_Data block_.
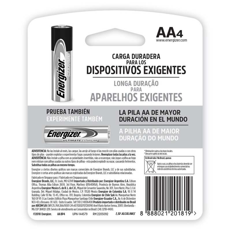 MiniMarketPilas CargadoresPilas AAPila Aa Energizer Max Plus 4 Ud 01819
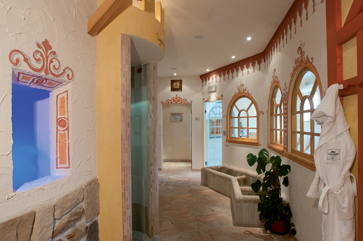 vířivka až pro 5 osob# , finská sauna# , pára# , multifunkční sprcha# , relaxační koutek s lehátky, Kneippův chodník, masáže*# (na vyžádání), stolní fotbal, stolní tenis; vstup do wellness pouze na vyžádání (min. počet osob 4), pouze v županu a v plavkách, služby označené symbolem # mohou používat osoby od 14 let
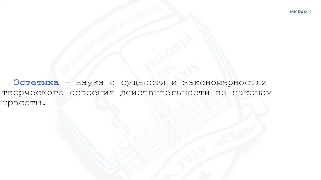 Эстетика – наука о сущности и закономерностяхтворческого освоения действительности по законам

_What you should do_.
Omit the pictures, then copy out all the data exactly as it stands.

_Exercise result_.
 MiniMarketPilas CargadoresPilas AAPila Aa Energizer Max Plus 4 Ud 01819
 vířivka až pro 5 osob# , finská sauna# , pára# , multifunkční sprcha# , relaxační koutek s lehátky, Kneippův chodník, masáže*# (na vyžádání), stolní fotbal, stolní tenis; vstup do wellness pouze na vyžádání (min. počet osob 4), pouze v županu a v plavkách, služby označené symbolem # mohou používat osoby od 14 let
 Эстетика – наука о сущности и закономерностяхтворческого освоения действительности по законам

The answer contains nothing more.